Working data:

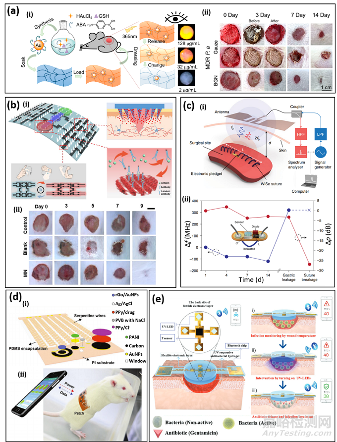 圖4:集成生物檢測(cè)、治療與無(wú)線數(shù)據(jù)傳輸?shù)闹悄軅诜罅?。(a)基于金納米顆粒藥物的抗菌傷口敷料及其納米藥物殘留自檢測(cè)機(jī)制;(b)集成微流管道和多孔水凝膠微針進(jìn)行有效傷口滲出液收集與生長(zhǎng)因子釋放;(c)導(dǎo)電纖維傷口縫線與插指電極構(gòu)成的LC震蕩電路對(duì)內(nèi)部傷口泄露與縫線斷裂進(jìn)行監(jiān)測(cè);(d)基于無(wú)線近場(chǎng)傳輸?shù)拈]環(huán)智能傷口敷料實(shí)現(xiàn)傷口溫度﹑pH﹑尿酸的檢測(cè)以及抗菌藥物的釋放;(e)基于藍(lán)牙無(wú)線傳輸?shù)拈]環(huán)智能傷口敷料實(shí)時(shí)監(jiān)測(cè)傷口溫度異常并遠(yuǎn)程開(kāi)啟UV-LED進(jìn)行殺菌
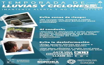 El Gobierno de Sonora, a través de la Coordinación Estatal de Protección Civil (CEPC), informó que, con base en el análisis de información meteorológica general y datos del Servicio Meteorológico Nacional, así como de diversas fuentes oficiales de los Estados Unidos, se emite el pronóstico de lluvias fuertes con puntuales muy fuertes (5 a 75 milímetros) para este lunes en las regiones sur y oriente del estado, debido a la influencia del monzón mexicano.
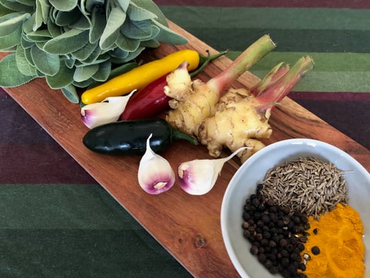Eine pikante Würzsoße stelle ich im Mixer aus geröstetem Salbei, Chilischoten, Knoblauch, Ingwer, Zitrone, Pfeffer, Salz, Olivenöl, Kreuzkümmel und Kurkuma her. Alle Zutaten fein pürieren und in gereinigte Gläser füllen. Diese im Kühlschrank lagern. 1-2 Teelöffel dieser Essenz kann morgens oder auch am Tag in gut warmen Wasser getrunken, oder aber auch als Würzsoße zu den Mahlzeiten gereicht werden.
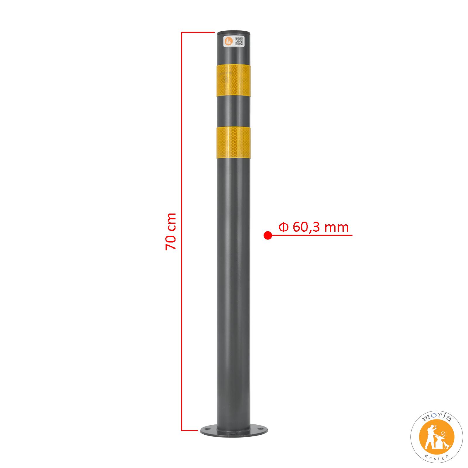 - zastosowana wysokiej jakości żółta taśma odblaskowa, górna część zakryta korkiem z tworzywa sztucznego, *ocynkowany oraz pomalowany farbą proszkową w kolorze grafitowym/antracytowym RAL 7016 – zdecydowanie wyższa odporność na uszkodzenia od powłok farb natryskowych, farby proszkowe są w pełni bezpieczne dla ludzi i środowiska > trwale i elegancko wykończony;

* * *

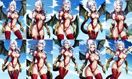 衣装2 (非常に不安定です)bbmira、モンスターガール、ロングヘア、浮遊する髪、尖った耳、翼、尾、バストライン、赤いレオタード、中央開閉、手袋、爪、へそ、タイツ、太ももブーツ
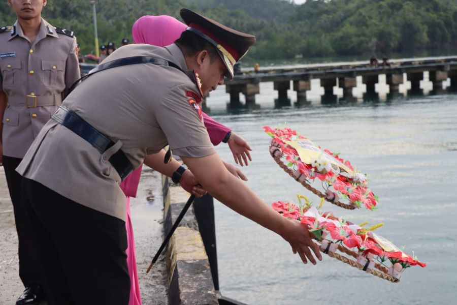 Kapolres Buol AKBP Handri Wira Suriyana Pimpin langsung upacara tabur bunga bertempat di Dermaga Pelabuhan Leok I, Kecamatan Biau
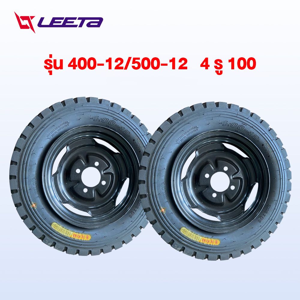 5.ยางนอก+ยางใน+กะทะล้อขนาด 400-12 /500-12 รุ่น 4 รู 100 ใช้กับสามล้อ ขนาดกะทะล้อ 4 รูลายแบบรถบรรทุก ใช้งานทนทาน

Your objective: Each line from the one that contains "Kapolres Buol AKBP" down to the one that contains "5.ยางนอก+ยางใน+กะทะล้อขนาด 400-12 /500-12" is to be returned exactly as it stands above, both ends included, with pictures removed.

Answer for this exercise:
 Kapolres Buol AKBP Handri Wira Suriyana Pimpin langsung upacara tabur bunga bertempat di Dermaga Pelabuhan Leok I, Kecamatan Biau
 5.ยางนอก+ยางใน+กะทะล้อขนาด 400-12 /500-12 รุ่น 4 รู 100 ใช้กับสามล้อ ขนาดกะทะล้อ 4 รูลายแบบรถบรรทุก ใช้งานทนทาน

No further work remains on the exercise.